Collected material:
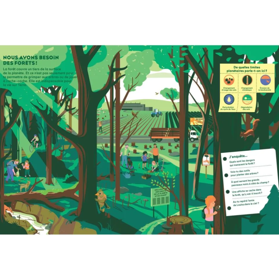Tu t’es peut-être un jour demandé à partir de combien de forêts coupées les animaux sont en danger ? Ou combien de produits chimiques la planète peut supporter ? Une équipe internationale de chercheurs et de chercheuses a répondu à toutes ces questions ! Avec Camille et Loulou, toi aussi, mène l’enquête sur les ressources et les limites de la planète. Et découvre tout ce que tu peux faire pour la préserver.
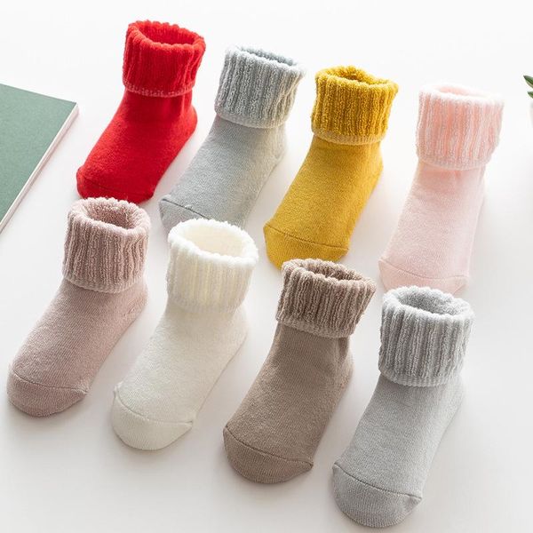 socks 0-2 years baby girls boys born infant winter warm boots toddler kids solid soft cotton terry booties, Pink;yellow
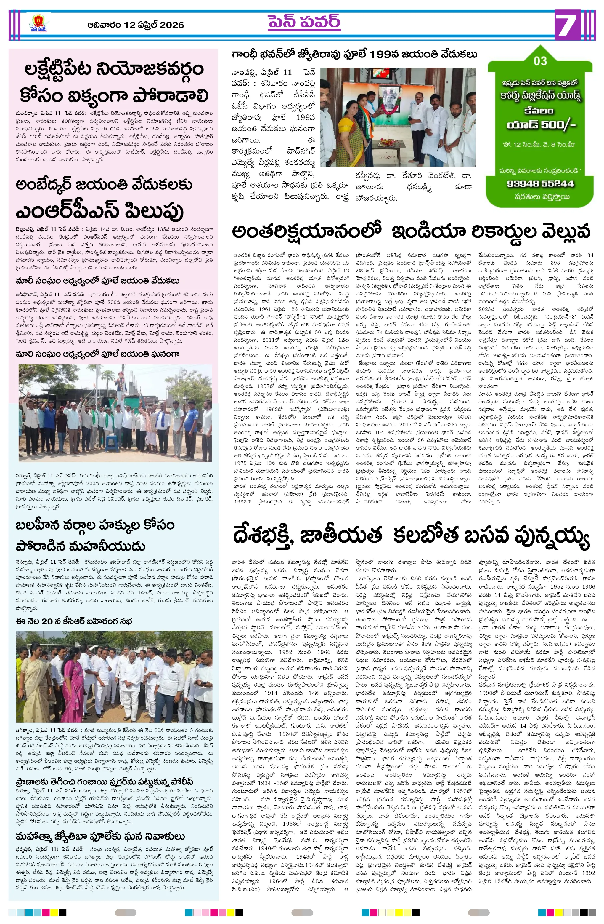జనసేన నాయకుడిపై కులదూషణ ఆరోపణలుజర్రెల కొత్తూరులో భారీ పాము సంచారం – గ్రామస్థుల్లో భయాందోళననేలపాడు గ్రామంలో ఘనంగా మహాత్మా జ్యోతిరావు పూలే జయంతి వేడుక అల్లూరి జిల్లాలో ఘనంగా మహాత్మా జ్యోతిరావు పూలే జయంతి వేడుకలుచింతపల్లి నియోజకవర్గం పునరుద్ధరణ అత్యవసరం: స్థానికులు, నేతల డిమాండ్పొర్లుబందలో వివాహ వేడుకలో పాల్గొన్న డాక్టర్ వంపూరు గంగులయ్యమాజీ సర్పంచ్ దంపతులకు ఎంపీటీసీ సన్మానంఅల్లూరి జిల్లా జాయింట్ కలెక్టర్‌గా బాధ్యతలు స్వీకరించిన తిరుమాని శ్రీపూజపాడేరు ఐటిడిఏ ప్రాజెక్ట్ అధికారిగా ఆదిత్య వర్మ బాధ్యతలు స్వీకారంజనగణన–2027కు గంగవరం మండలం సిద్ధం

Assignment: Pictures are to be left out; repeat all the remaining data exactly.

Response for this exercise:
Tu t’es peut-être un jour demandé à partir de combien de forêts coupées les animaux sont en danger ? Ou combien de produits chimiques la planète peut supporter ? Une équipe internationale de chercheurs et de chercheuses a répondu à toutes ces questions ! Avec Camille et Loulou, toi aussi, mène l’enquête sur les ressources et les limites de la planète. Et découvre tout ce que tu peux faire pour la préserver.
 socks 0-2 years baby girls boys born infant winter warm boots toddler kids solid soft cotton terry booties, Pink;yellow
జనసేన నాయకుడిపై కులదూషణ ఆరోపణలుజర్రెల కొత్తూరులో భారీ పాము సంచారం – గ్రామస్థుల్లో భయాందోళననేలపాడు గ్రామంలో ఘనంగా మహాత్మా జ్యోతిరావు పూలే జయంతి వేడుక అల్లూరి జిల్లాలో ఘనంగా మహాత్మా జ్యోతిరావు పూలే జయంతి వేడుకలుచింతపల్లి నియోజకవర్గం పునరుద్ధరణ అత్యవసరం: స్థానికులు, నేతల డిమాండ్పొర్లుబందలో వివాహ వేడుకలో పాల్గొన్న డాక్టర్ వంపూరు గంగులయ్యమాజీ సర్పంచ్ దంపతులకు ఎంపీటీసీ సన్మానంఅల్లూరి జిల్లా జాయింట్ కలెక్టర్‌గా బాధ్యతలు స్వీకరించిన తిరుమాని శ్రీపూజపాడేరు ఐటిడిఏ ప్రాజెక్ట్ అధికారిగా ఆదిత్య వర్మ బాధ్యతలు స్వీకారంజనగణన–2027కు గంగవరం మండలం సిద్ధం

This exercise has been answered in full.